Is that before or after applying updates?
This was before applying updates. After updating I now longer see the messages appear.
What does
#ausearch -m avc -ts recent
show?
For completeness I checked it. This only shows 'normal' AVC denied messages from my current boot up. They are all from setroubleshootd (comm="setroubleshootd"). I am not sure this is normal behavior.
They are all like (at least 20 or so):
---- time->Wed Aug 18 18:33:02 2010 type=SYSCALL msg=audit(1282149182.060:24): arch=c000003e syscall=87 success=no exit=-13 a0=7fff4f795fa0 a1=0 a2=4c4dfc3c a3=1 items=0 ppid=1 pid=1684 auid=4294967295 uid=0 gid=0 euid=0 suid=0 fsuid=0 egid=0 sgid=0 fsgid=0 tty=(none) ses=4294967295 comm="setroubleshootd" exe="/usr/bin/python" subj=system_u:system_r:setroubleshootd_t:s0 key=(null) type=AVC msg=audit(1282149182.060:24): avc: denied { write } for pid=1684 comm="setroubleshootd" name="plugins" dev=dm-0 ino=397348 scontext=system_u:system_r:setroubleshootd_t:s0 tcontext=system_u:object_r:usr_t:s0 tclass=dir
-----BEGIN PGP SIGNED MESSAGE----- Hash: SHA1
On 08/18/2010 12:42 PM, Jurgen Kramer wrote:
On Wed, 2010-08-18 at 09:29 -0400, Daniel J Walsh wrote:
-----BEGIN PGP SIGNED MESSAGE----- Hash: SHA1
On 08/17/2010 05:16 PM, Adam Williamson wrote:
On Tue, 2010-08-17 at 19:56 +0200, Jurgen Kramer wrote:
I've just did a fresh install of F14alpha RC4 to see if I could reproduce a bug. When checking /var/log/messages a see a ton of these:
Aug 17 19:45:49 f14alpha-rc4 sedispatch: AVC Message for setroubleshoot, dropping message Aug 17 19:45:49 f14alpha-rc4 sedispatch: AVC Message for setroubleshoot, dropping message Aug 17 19:45:49 f14alpha-rc4 sedispatch: AVC Message for setroubleshoot, dropping message Aug 17 19:45:49 f14alpha-rc4 sedispatch: AVC Message for setroubleshoot, dropping message Aug 17 19:45:49 f14alpha-rc4 sedispatch: AVC Message for setroubleshoot, dropping message
Is this a known problem?
Is that before or after applying updates?
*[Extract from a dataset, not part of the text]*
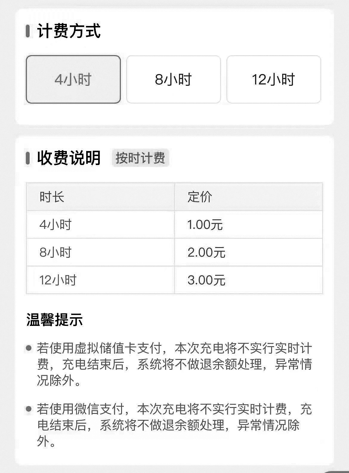 值得注意的是,按照时间套餐收费的价格,不同品牌的充电设备也不尽相同。例如,“阿拉充电”1元可充电4小时,“智慧充”1元可充6小时,“来点电”1元只能充电3小时。且大多按时间收费的套餐,均如许先生所说,即使充电提前完成,多购买的充电时长也不会退还。
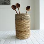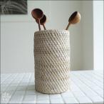 ラタンカトラリースタンドN ペンスタント 箸立て 手編みホルダー 箸たて キッチン収納 ナチュラルホワイト 籐 手づくり 自然素材

This was before applying updates. After updating I now longer see the messages appear.
What does
#ausearch -m avc -ts recent
show?
For completeness I checked it. This only shows 'normal' AVC denied messages from my current boot up. They are all from setroubleshootd (comm="setroubleshootd"). I am not sure this is normal behavior.
They are all like (at least 20 or so):
time->Wed Aug 18 18:33:02 2010 type=SYSCALL msg=audit(1282149182.060:24): arch=c000003e syscall=87 success=no exit=-13 a0=7fff4f795fa0 a1=0 a2=4c4dfc3c a3=1 items=0 ppid=1 pid=1684 auid=4294967295 uid=0 gid=0 euid=0 suid=0 fsuid=0 egid=0 sgid=0 fsgid=0 tty=(none) ses=4294967295 comm="setroubleshootd" exe="/usr/bin/python" subj=system_u:system_r:setroubleshootd_t:s0 key=(null) type=AVC msg=audit(1282149182.060:24): avc: denied { write } for pid=1684 comm="setroubleshootd" name="plugins" dev=dm-0 ino=397348 scontext=system_u:system_r:setroubleshootd_t:s0 tcontext=system_u:object_r:usr_t:s0 tclass=dir
If this is F14, you need to make sure you have fully updated. Python2.7 changes was causing random apps to try to recompile their pyc files. This would cause the behavior you are seeing.